What to do – All of the records below are to be given again word for word, with the pictures removed.

Data supplied –
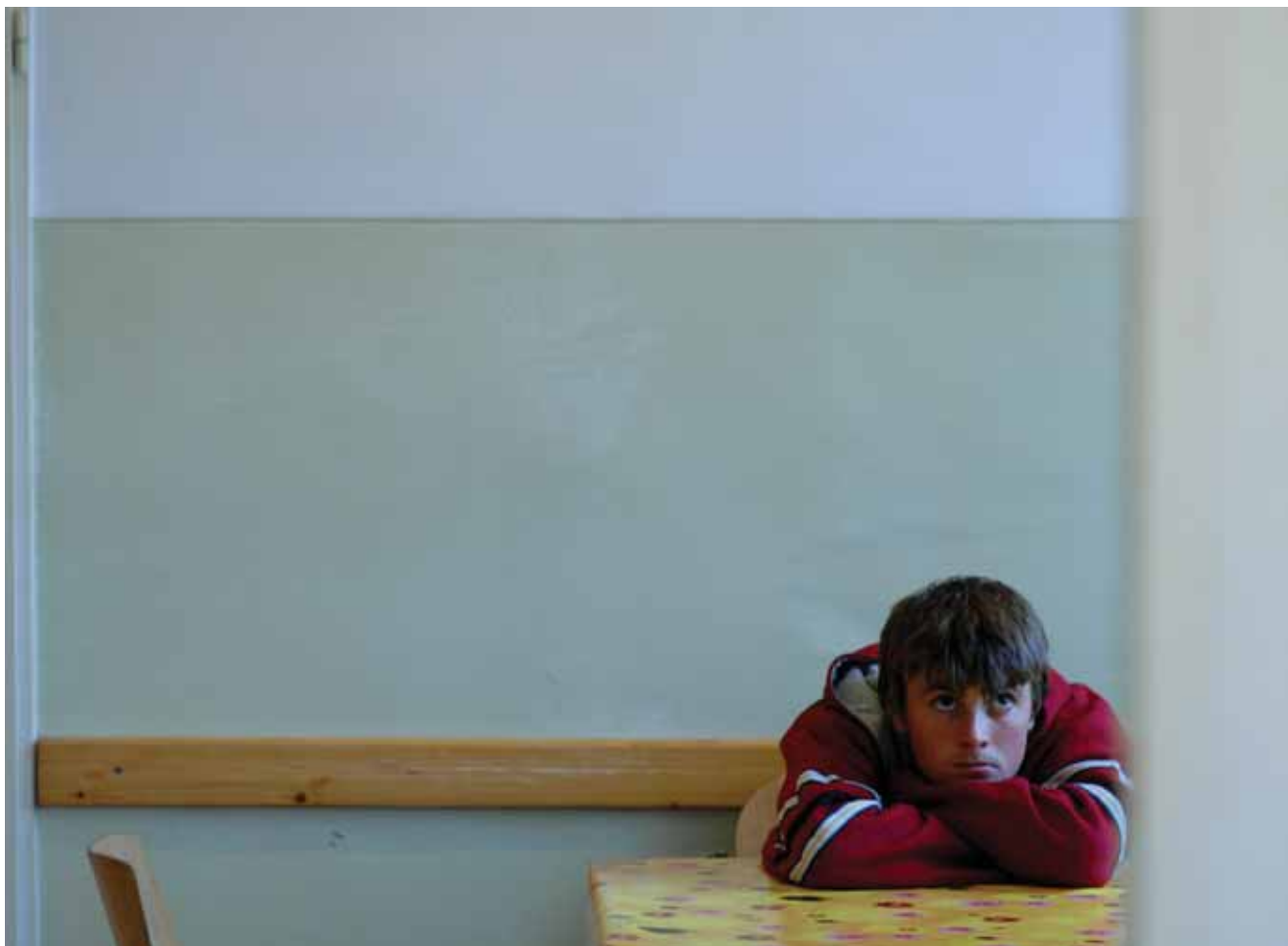
↑ MINDERJÄHRIGER IM ABSCHIEBELAGER AM FLUGHAFEN BUDAPEST

Die beiden Fälle von Inhaftierung von nach fachärztlicher Ansicht schwer traumatisierten Menschen (unter den weiter vorne beschriebenen Haftbedingungen) lassen bezweifeln, dass die europäischen Aufnahmerichtlinien von Ungarn eingehalten werden. Insbesondere Artikel 17, der ein besonderes Aufnahmesystem für Traumatisierte vorsieht, ist hier als verletzt anzusehen. 44
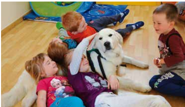
Ukázka canisterapie ve školce SMILE.
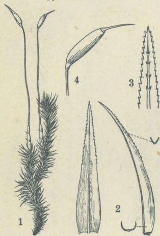
第 2968 圖
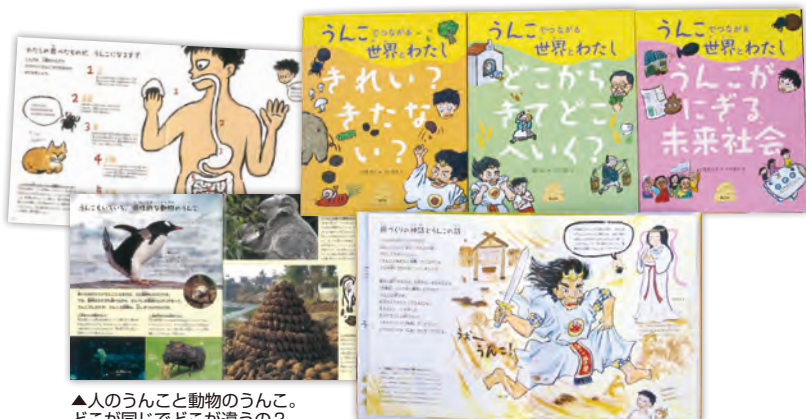
▲人のうんこと動物のうんこ。どこが同じでどこが違うの？

Completed exercise –
↑ MINDERJÄHRIGER IM ABSCHIEBELAGER AM FLUGHAFEN BUDAPEST

Die beiden Fälle von Inhaftierung von nach fachärztlicher Ansicht schwer traumatisierten Menschen (unter den weiter vorne beschriebenen Haftbedingungen) lassen bezweifeln, dass die europäischen Aufnahmerichtlinien von Ungarn eingehalten werden. Insbesondere Artikel 17, der ein besonderes Aufnahmesystem für Traumatisierte vorsieht, ist hier als verletzt anzusehen. 44
Ukázka canisterapie ve školce SMILE.
第 2968 圖
▲人のうんこと動物のうんこ。どこが同じでどこが違うの？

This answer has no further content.